To do:
Please give back, word for word, each line from the start of the entries through the one in which "Mikayla Johnson Rally" is found.

Extracted records:
== == ==
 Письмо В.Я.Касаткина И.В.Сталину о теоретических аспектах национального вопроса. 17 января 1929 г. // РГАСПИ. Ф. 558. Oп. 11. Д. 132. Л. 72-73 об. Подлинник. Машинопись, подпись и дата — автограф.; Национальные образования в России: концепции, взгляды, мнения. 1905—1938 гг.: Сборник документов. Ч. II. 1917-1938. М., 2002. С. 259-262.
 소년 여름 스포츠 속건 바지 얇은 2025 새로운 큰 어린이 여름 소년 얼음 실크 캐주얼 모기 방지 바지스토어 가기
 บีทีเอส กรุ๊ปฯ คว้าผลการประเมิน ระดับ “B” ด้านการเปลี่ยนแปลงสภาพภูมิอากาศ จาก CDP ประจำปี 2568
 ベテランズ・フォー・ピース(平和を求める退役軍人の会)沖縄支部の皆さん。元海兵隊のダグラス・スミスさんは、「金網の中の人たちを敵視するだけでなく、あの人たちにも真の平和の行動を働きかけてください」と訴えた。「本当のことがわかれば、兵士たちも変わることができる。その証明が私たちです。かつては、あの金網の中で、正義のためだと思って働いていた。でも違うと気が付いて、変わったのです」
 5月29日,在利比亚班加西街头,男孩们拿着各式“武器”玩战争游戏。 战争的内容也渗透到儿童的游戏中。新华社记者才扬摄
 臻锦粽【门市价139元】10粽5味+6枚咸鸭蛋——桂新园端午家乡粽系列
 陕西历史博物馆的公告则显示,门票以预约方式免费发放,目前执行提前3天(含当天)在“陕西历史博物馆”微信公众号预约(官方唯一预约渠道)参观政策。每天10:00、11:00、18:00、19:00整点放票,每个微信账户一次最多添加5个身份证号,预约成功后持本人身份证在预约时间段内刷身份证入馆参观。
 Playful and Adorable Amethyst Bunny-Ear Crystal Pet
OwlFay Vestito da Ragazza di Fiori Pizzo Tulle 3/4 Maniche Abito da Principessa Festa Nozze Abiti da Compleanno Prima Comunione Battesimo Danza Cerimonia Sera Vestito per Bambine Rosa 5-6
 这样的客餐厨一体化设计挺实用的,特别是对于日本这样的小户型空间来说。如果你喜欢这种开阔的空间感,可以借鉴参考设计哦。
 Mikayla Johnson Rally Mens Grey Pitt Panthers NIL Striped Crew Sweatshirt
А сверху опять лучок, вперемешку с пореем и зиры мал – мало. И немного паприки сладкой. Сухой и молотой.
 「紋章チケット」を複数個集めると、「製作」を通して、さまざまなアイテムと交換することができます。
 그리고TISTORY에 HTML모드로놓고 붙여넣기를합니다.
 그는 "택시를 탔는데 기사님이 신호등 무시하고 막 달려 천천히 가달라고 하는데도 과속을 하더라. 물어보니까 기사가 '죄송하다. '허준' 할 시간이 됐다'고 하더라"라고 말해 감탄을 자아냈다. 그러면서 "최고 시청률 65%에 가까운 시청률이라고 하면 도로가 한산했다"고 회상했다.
== == ==
Problem solution:
 Письмо В.Я.Касаткина И.В.Сталину о теоретических аспектах национального вопроса. 17 января 1929 г. // РГАСПИ. Ф. 558. Oп. 11. Д. 132. Л. 72-73 об. Подлинник. Машинопись, подпись и дата — автограф.; Национальные образования в России: концепции, взгляды, мнения. 1905—1938 гг.: Сборник документов. Ч. II. 1917-1938. М., 2002. С. 259-262.
 소년 여름 스포츠 속건 바지 얇은 2025 새로운 큰 어린이 여름 소년 얼음 실크 캐주얼 모기 방지 바지스토어 가기
 บีทีเอส กรุ๊ปฯ คว้าผลการประเมิน ระดับ “B” ด้านการเปลี่ยนแปลงสภาพภูมิอากาศ จาก CDP ประจำปี 2568
 ベテランズ・フォー・ピース(平和を求める退役軍人の会)沖縄支部の皆さん。元海兵隊のダグラス・スミスさんは、「金網の中の人たちを敵視するだけでなく、あの人たちにも真の平和の行動を働きかけてください」と訴えた。「本当のことがわかれば、兵士たちも変わることができる。その証明が私たちです。かつては、あの金網の中で、正義のためだと思って働いていた。でも違うと気が付いて、変わったのです」
 5月29日,在利比亚班加西街头,男孩们拿着各式“武器”玩战争游戏。 战争的内容也渗透到儿童的游戏中。新华社记者才扬摄
 臻锦粽【门市价139元】10粽5味+6枚咸鸭蛋——桂新园端午家乡粽系列
 陕西历史博物馆的公告则显示,门票以预约方式免费发放,目前执行提前3天(含当天)在“陕西历史博物馆”微信公众号预约(官方唯一预约渠道)参观政策。每天10:00、11:00、18:00、19:00整点放票,每个微信账户一次最多添加5个身份证号,预约成功后持本人身份证在预约时间段内刷身份证入馆参观。
 Playful and Adorable Amethyst Bunny-Ear Crystal Pet
OwlFay Vestito da Ragazza di Fiori Pizzo Tulle 3/4 Maniche Abito da Principessa Festa Nozze Abiti da Compleanno Prima Comunione Battesimo Danza Cerimonia Sera Vestito per Bambine Rosa 5-6
 这样的客餐厨一体化设计挺实用的,特别是对于日本这样的小户型空间来说。如果你喜欢这种开阔的空间感,可以借鉴参考设计哦。
 Mikayla Johnson Rally Mens Grey Pitt Panthers NIL Striped Crew Sweatshirt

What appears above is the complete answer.